▸ What is needed
Transcribe each entry exactly, without pictures.

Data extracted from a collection
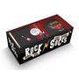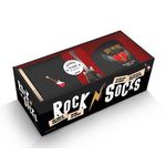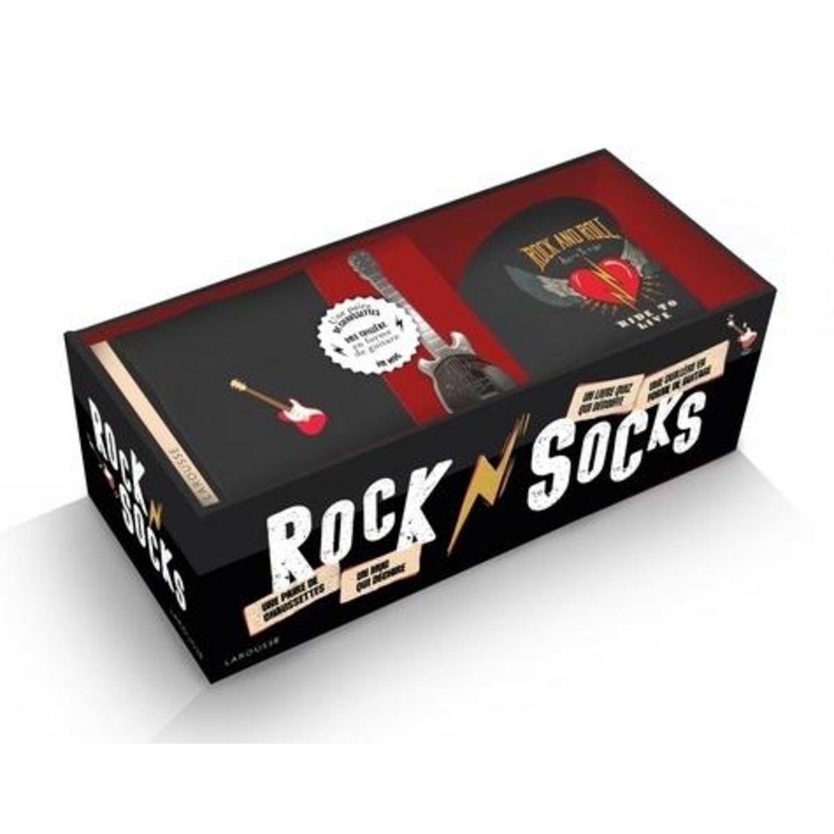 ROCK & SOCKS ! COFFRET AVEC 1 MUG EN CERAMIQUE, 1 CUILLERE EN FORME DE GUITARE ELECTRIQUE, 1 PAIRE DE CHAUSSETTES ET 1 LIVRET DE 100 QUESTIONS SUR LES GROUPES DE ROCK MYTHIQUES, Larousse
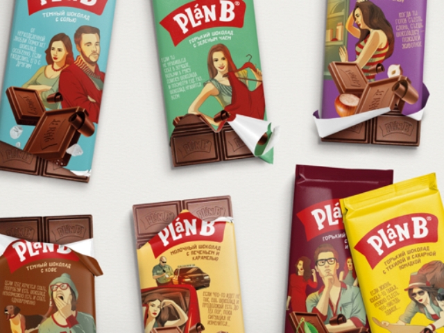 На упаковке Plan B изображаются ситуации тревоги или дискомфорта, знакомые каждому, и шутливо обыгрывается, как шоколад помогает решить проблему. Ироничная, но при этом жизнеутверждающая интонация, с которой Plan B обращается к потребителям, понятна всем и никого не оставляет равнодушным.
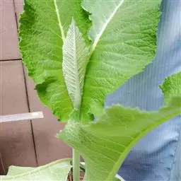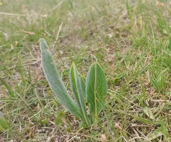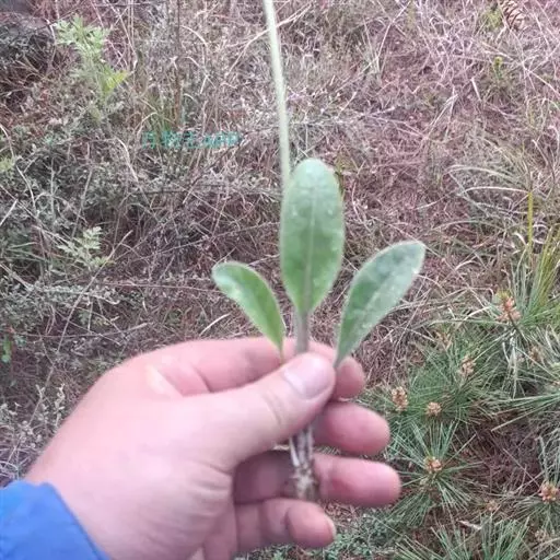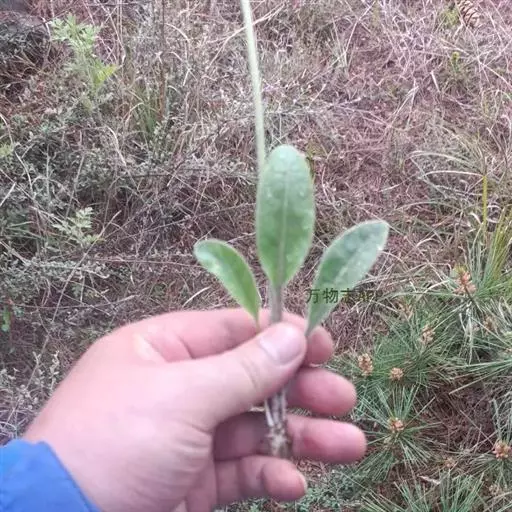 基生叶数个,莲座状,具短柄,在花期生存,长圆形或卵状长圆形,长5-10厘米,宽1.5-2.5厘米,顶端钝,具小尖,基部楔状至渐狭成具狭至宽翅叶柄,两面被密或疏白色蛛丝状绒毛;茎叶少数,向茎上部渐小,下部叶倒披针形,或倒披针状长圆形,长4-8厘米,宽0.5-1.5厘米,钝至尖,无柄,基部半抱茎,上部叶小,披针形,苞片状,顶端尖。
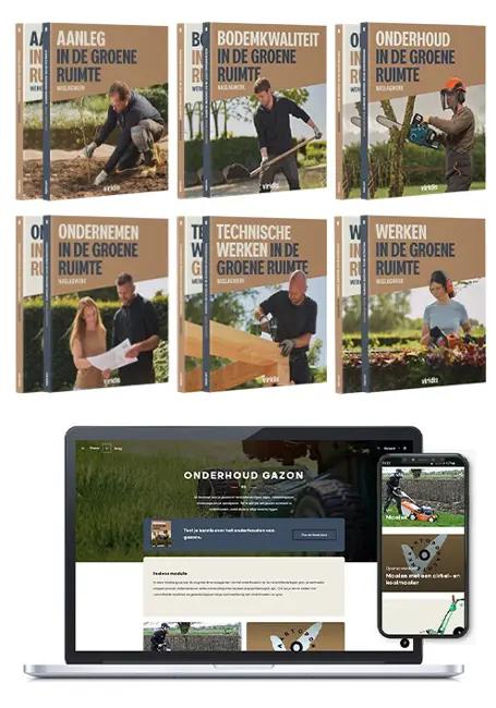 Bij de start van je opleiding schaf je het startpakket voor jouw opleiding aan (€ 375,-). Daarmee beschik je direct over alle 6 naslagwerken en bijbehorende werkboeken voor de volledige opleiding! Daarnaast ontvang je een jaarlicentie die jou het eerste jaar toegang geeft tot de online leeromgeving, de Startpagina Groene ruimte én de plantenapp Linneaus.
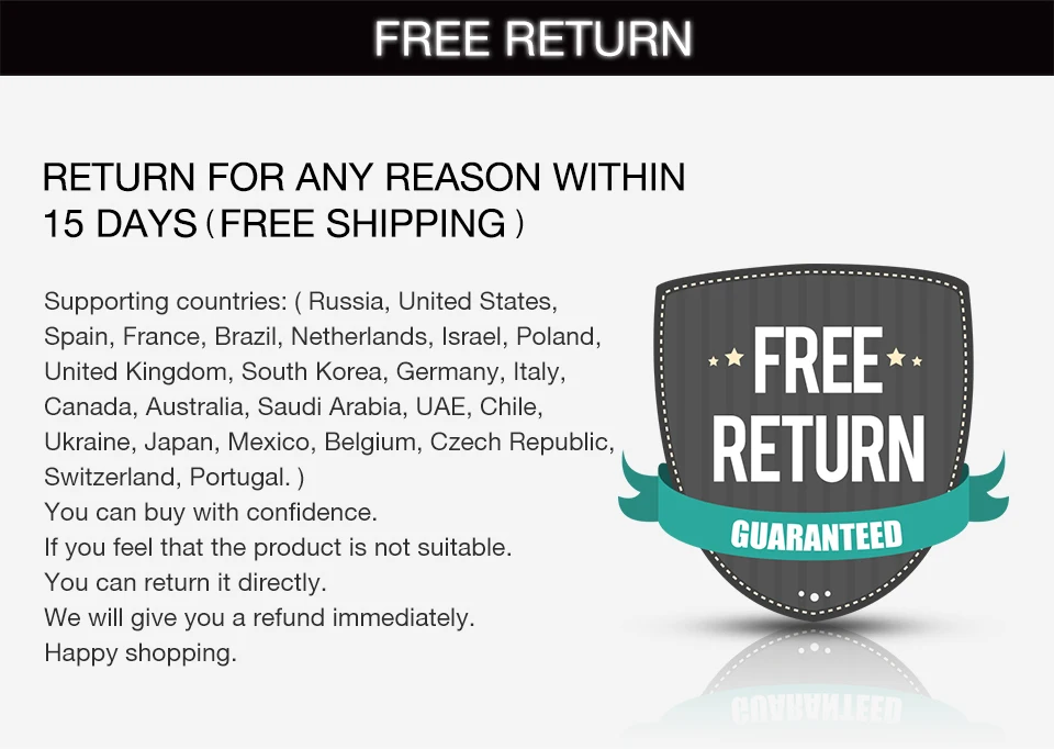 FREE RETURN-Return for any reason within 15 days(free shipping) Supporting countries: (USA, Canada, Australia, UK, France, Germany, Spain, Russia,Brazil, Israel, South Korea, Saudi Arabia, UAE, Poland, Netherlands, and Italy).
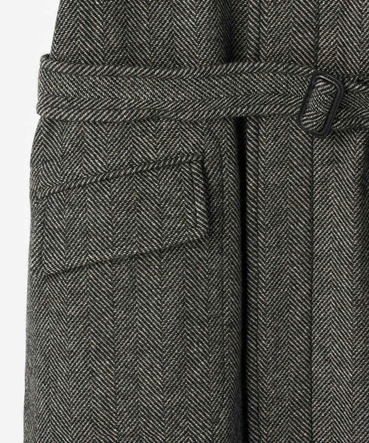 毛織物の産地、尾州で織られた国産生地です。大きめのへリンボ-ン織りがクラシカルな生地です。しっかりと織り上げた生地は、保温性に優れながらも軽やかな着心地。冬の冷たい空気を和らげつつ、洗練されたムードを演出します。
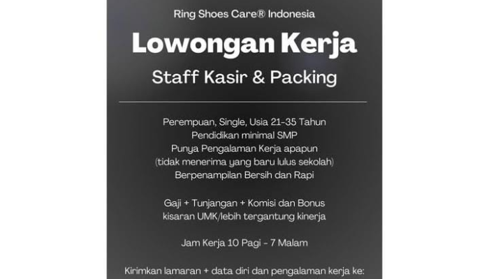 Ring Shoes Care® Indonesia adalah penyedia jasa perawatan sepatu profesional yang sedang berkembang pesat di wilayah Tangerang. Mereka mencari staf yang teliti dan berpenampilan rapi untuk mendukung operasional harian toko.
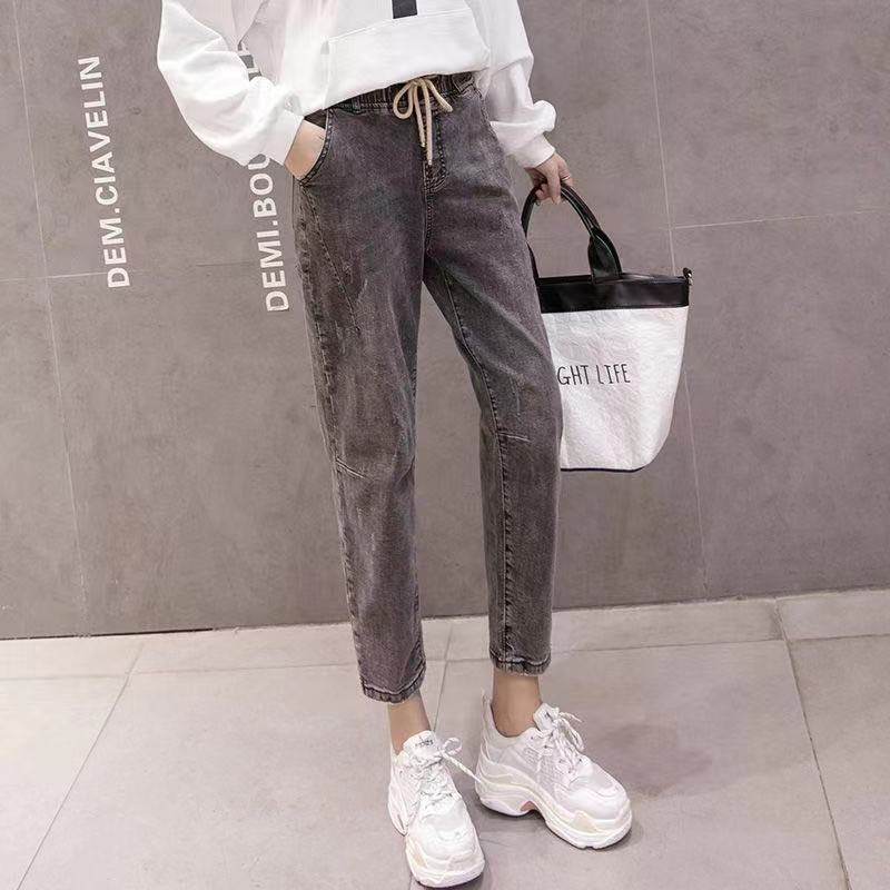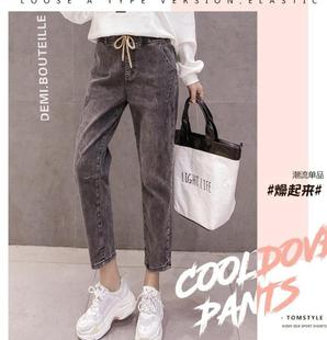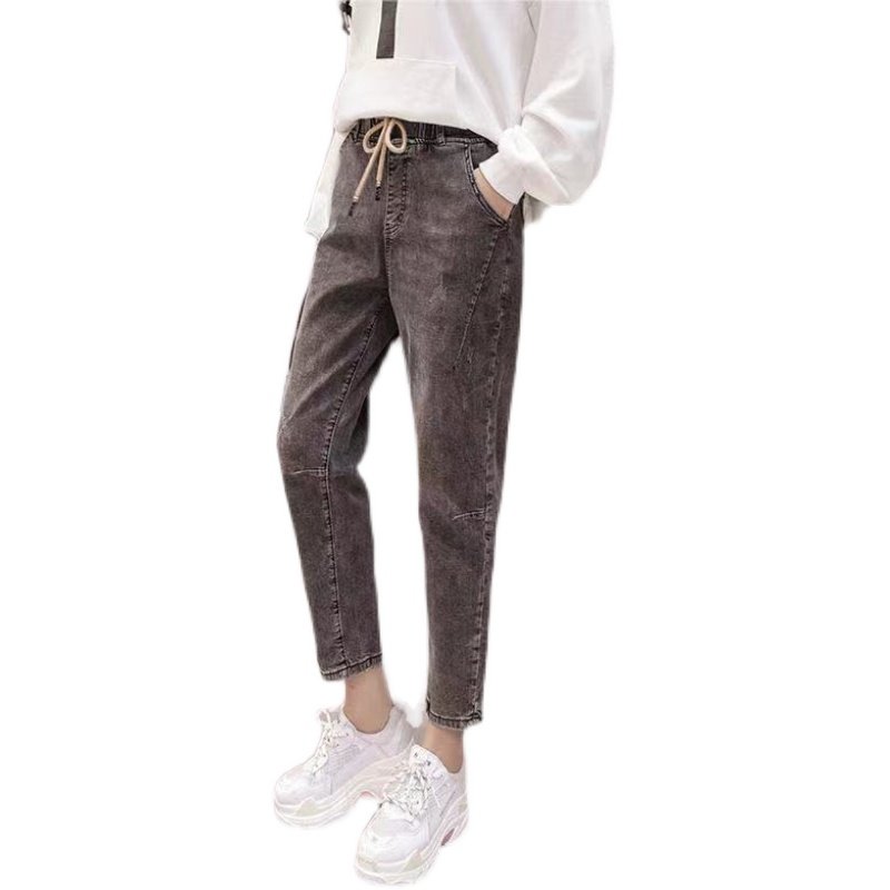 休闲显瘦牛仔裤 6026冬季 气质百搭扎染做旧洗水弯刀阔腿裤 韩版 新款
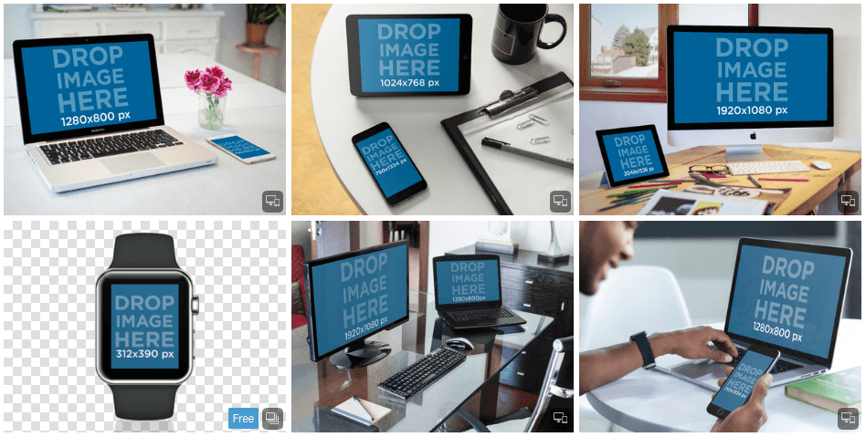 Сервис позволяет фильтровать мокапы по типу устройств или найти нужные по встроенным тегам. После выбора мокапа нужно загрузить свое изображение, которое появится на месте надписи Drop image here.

▸ Completed exercise
 ROCK & SOCKS ! COFFRET AVEC 1 MUG EN CERAMIQUE, 1 CUILLERE EN FORME DE GUITARE ELECTRIQUE, 1 PAIRE DE CHAUSSETTES ET 1 LIVRET DE 100 QUESTIONS SUR LES GROUPES DE ROCK MYTHIQUES, Larousse
 На упаковке Plan B изображаются ситуации тревоги или дискомфорта, знакомые каждому, и шутливо обыгрывается, как шоколад помогает решить проблему. Ироничная, но при этом жизнеутверждающая интонация, с которой Plan B обращается к потребителям, понятна всем и никого не оставляет равнодушным.
 基生叶数个,莲座状,具短柄,在花期生存,长圆形或卵状长圆形,长5-10厘米,宽1.5-2.5厘米,顶端钝,具小尖,基部楔状至渐狭成具狭至宽翅叶柄,两面被密或疏白色蛛丝状绒毛;茎叶少数,向茎上部渐小,下部叶倒披针形,或倒披针状长圆形,长4-8厘米,宽0.5-1.5厘米,钝至尖,无柄,基部半抱茎,上部叶小,披针形,苞片状,顶端尖。
 Bij de start van je opleiding schaf je het startpakket voor jouw opleiding aan (€ 375,-). Daarmee beschik je direct over alle 6 naslagwerken en bijbehorende werkboeken voor de volledige opleiding! Daarnaast ontvang je een jaarlicentie die jou het eerste jaar toegang geeft tot de online leeromgeving, de Startpagina Groene ruimte én de plantenapp Linneaus.
 FREE RETURN-Return for any reason within 15 days(free shipping) Supporting countries: (USA, Canada, Australia, UK, France, Germany, Spain, Russia,Brazil, Israel, South Korea, Saudi Arabia, UAE, Poland, Netherlands, and Italy).
 毛織物の産地、尾州で織られた国産生地です。大きめのへリンボ-ン織りがクラシカルな生地です。しっかりと織り上げた生地は、保温性に優れながらも軽やかな着心地。冬の冷たい空気を和らげつつ、洗練されたムードを演出します。
 Ring Shoes Care® Indonesia adalah penyedia jasa perawatan sepatu profesional yang sedang berkembang pesat di wilayah Tangerang. Mereka mencari staf yang teliti dan berpenampilan rapi untuk mendukung operasional harian toko.
 休闲显瘦牛仔裤 6026冬季 气质百搭扎染做旧洗水弯刀阔腿裤 韩版 新款
 Сервис позволяет фильтровать мокапы по типу устройств или найти нужные по встроенным тегам. После выбора мокапа нужно загрузить свое изображение, которое появится на месте надписи Drop image here.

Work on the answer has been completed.